• _Your task_
What you should give back is every line from the one containing "Eine poetische Stilllebenstudie" through the last line of the records below, word for word and without pictures.
_ _ _ _ _ _ _
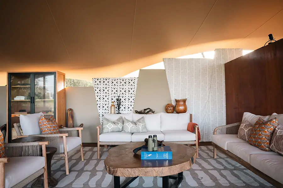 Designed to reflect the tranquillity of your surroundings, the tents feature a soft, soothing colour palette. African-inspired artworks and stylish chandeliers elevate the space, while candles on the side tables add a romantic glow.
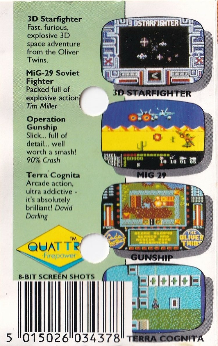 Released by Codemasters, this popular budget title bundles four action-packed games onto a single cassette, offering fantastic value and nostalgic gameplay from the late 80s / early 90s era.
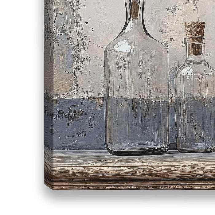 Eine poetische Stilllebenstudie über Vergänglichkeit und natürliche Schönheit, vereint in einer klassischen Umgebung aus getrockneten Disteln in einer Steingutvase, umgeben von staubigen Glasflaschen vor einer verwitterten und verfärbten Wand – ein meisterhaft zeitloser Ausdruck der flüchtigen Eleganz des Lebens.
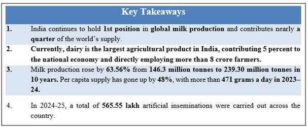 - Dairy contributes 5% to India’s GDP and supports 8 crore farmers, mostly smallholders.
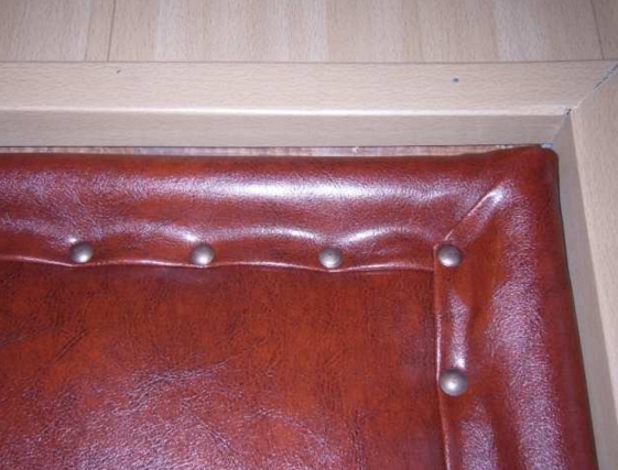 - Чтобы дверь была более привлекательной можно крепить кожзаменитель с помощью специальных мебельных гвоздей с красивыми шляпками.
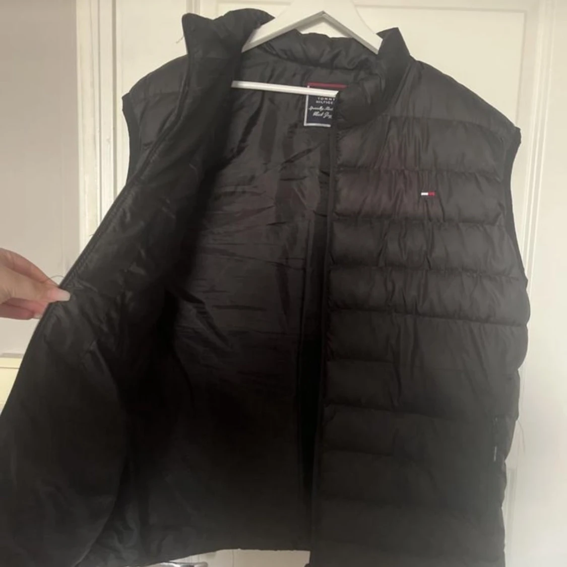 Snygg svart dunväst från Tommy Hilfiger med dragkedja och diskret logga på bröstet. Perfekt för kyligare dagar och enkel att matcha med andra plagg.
_ _ _ _ _ _ _
• _Result for this exercise_
 Eine poetische Stilllebenstudie über Vergänglichkeit und natürliche Schönheit, vereint in einer klassischen Umgebung aus getrockneten Disteln in einer Steingutvase, umgeben von staubigen Glasflaschen vor einer verwitterten und verfärbten Wand – ein meisterhaft zeitloser Ausdruck der flüchtigen Eleganz des Lebens.
 - Dairy contributes 5% to India’s GDP and supports 8 crore farmers, mostly smallholders.
 - Чтобы дверь была более привлекательной можно крепить кожзаменитель с помощью специальных мебельных гвоздей с красивыми шляпками.
 Snygg svart dunväst från Tommy Hilfiger med dragkedja och diskret logga på bröstet. Perfekt för kyligare dagar och enkel att matcha med andra plagg.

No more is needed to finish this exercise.